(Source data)
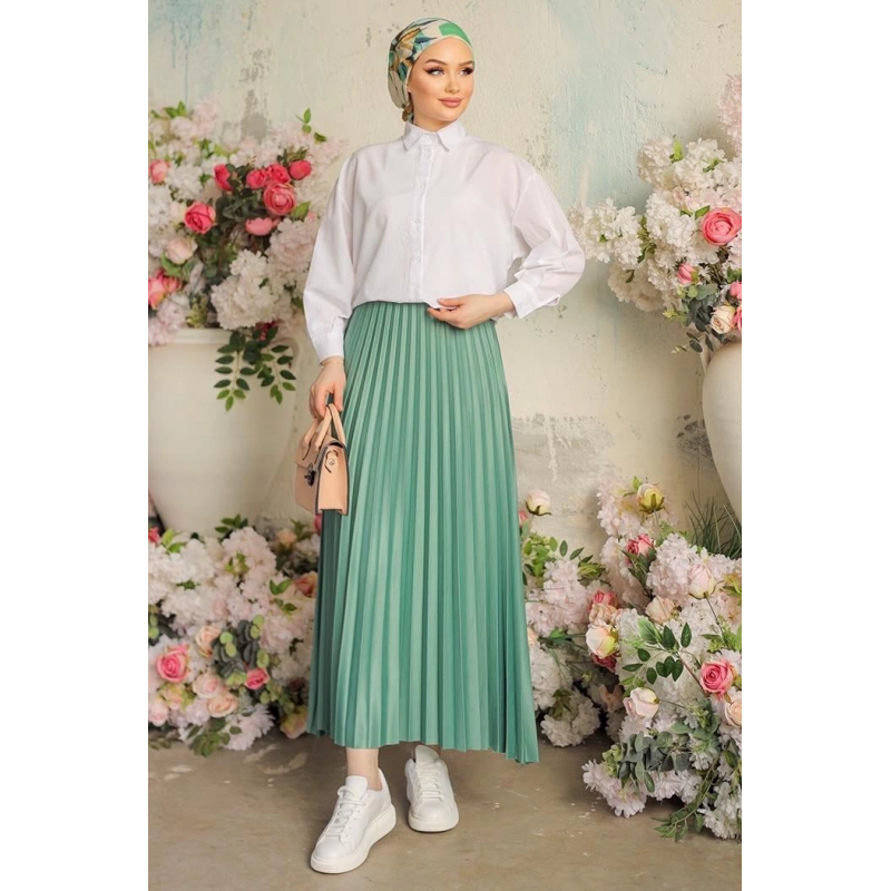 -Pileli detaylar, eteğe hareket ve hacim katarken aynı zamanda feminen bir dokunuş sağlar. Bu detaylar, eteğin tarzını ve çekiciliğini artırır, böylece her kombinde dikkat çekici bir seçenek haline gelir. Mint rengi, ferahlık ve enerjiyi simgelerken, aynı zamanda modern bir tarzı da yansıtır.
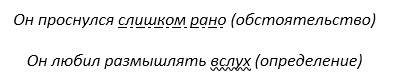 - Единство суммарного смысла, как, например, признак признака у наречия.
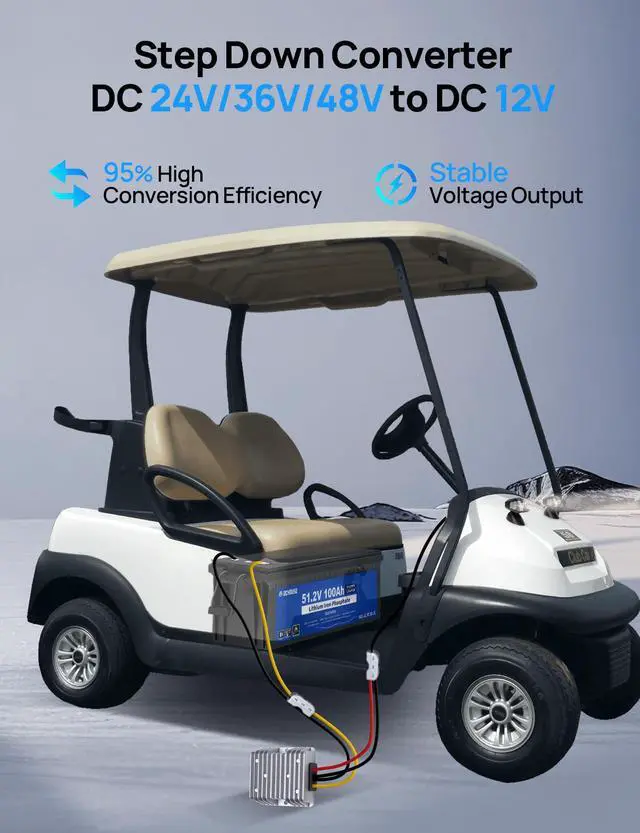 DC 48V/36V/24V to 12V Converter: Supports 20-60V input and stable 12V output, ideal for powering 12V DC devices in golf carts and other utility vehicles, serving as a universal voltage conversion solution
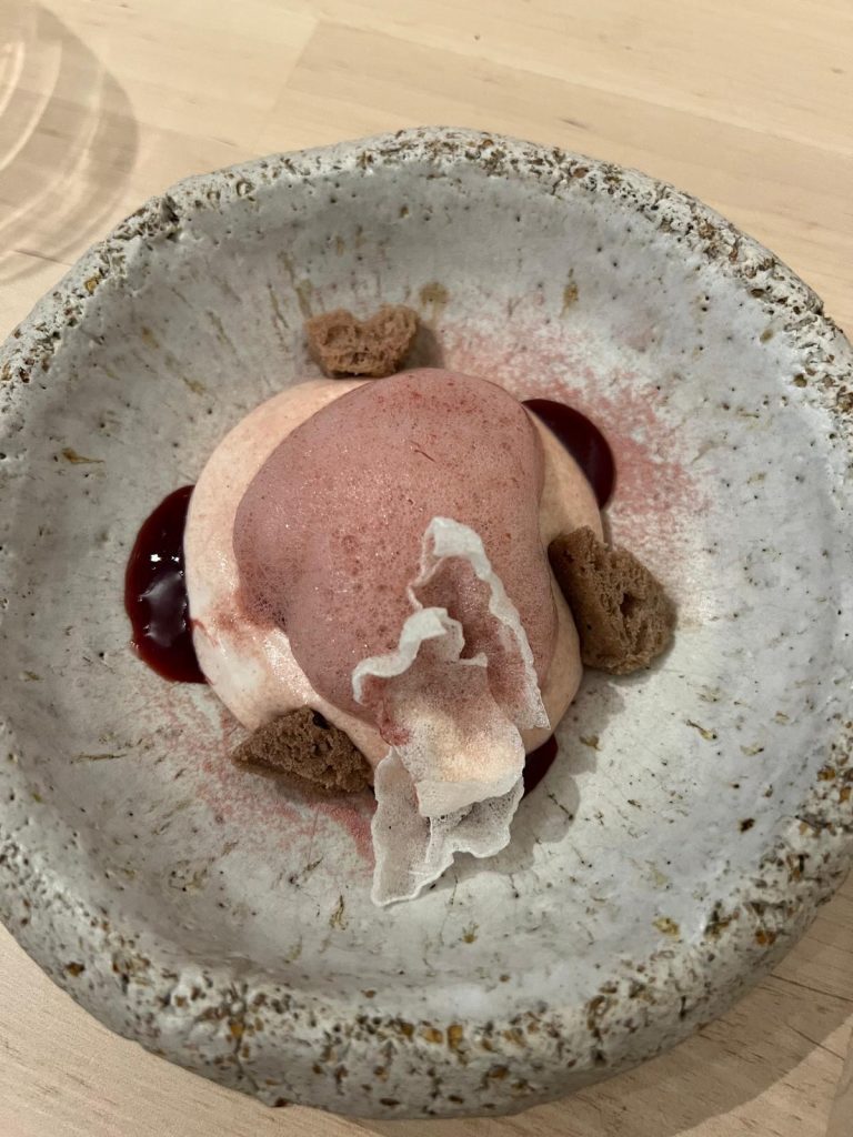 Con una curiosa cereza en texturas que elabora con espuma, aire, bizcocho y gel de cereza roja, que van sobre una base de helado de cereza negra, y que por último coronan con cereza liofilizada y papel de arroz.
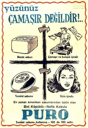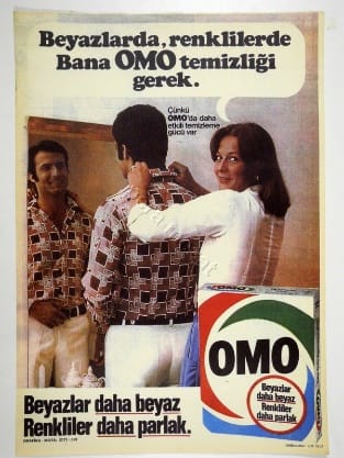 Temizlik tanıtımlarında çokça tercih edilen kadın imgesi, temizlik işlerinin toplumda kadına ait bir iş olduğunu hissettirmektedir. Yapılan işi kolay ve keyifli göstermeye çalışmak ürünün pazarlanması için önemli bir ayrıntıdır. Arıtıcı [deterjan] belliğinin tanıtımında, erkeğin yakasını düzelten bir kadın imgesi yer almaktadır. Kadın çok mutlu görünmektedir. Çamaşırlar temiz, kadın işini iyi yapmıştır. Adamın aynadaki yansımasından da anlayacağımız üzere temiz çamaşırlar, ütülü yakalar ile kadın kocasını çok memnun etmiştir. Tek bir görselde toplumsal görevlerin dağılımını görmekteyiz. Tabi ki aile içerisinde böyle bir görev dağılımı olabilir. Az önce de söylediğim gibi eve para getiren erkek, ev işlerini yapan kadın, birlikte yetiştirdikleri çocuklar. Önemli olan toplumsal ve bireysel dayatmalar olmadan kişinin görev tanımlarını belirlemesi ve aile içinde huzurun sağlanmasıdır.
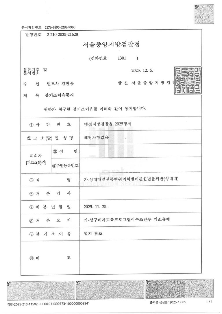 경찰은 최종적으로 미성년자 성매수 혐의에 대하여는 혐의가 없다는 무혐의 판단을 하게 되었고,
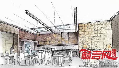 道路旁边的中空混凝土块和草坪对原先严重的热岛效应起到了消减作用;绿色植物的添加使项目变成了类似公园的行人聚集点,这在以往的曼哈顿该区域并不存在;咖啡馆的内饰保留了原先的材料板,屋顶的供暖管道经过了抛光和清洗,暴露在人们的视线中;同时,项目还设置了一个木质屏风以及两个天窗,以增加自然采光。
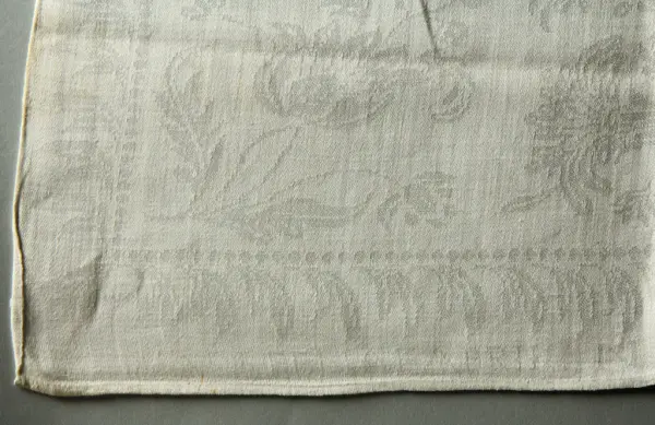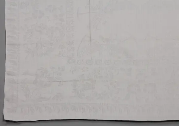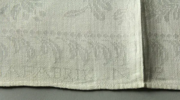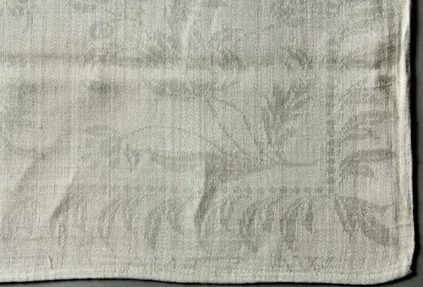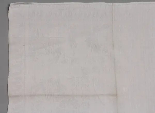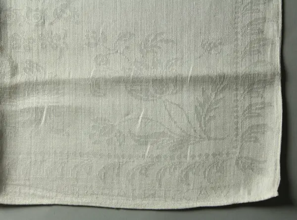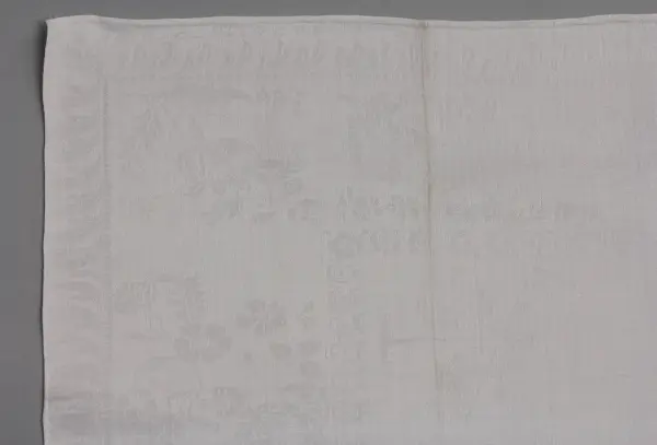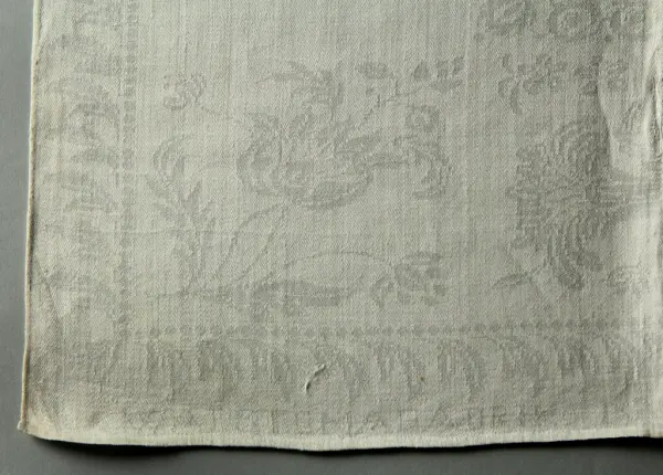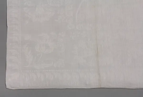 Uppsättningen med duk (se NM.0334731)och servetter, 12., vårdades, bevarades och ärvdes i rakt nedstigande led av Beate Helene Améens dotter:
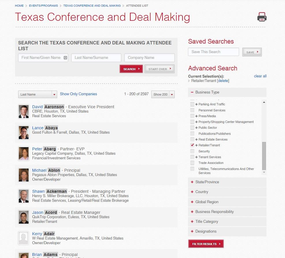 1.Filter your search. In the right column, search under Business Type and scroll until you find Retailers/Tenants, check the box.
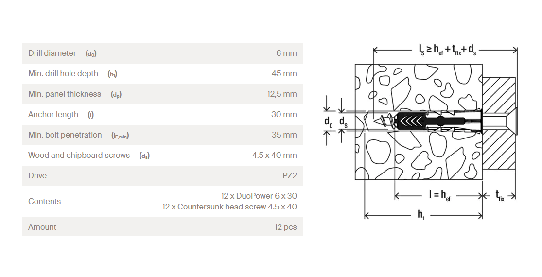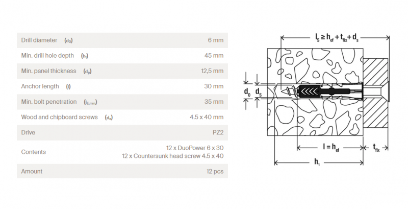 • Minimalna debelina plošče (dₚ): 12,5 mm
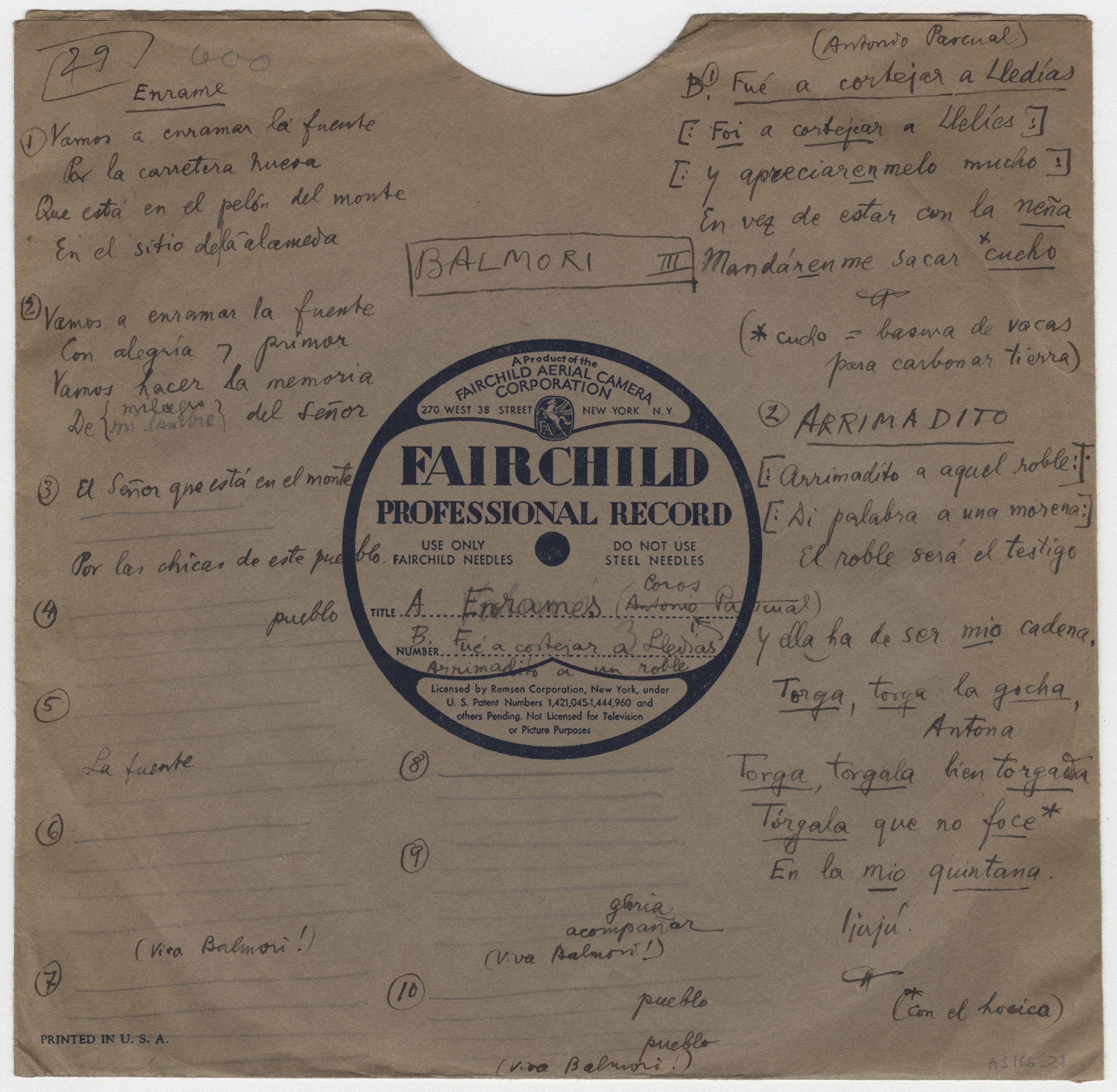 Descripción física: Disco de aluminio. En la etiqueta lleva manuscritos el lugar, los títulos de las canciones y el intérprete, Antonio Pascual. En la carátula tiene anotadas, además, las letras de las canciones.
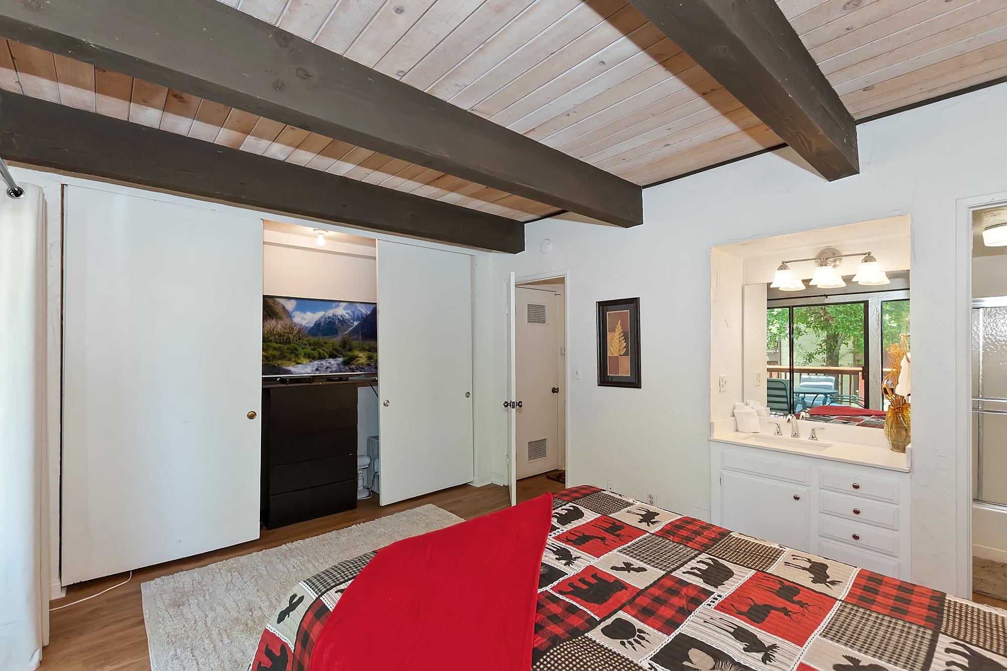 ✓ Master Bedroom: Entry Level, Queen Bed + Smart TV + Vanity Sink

__What you should do__.
Copy the records above exactly, from the first line through the line containing "DC 48V/36V/24V to", and leave out the pictures.

__Result__.
 -Pileli detaylar, eteğe hareket ve hacim katarken aynı zamanda feminen bir dokunuş sağlar. Bu detaylar, eteğin tarzını ve çekiciliğini artırır, böylece her kombinde dikkat çekici bir seçenek haline gelir. Mint rengi, ferahlık ve enerjiyi simgelerken, aynı zamanda modern bir tarzı da yansıtır.
 - Единство суммарного смысла, как, например, признак признака у наречия.
 DC 48V/36V/24V to 12V Converter: Supports 20-60V input and stable 12V output, ideal for powering 12V DC devices in golf carts and other utility vehicles, serving as a universal voltage conversion solution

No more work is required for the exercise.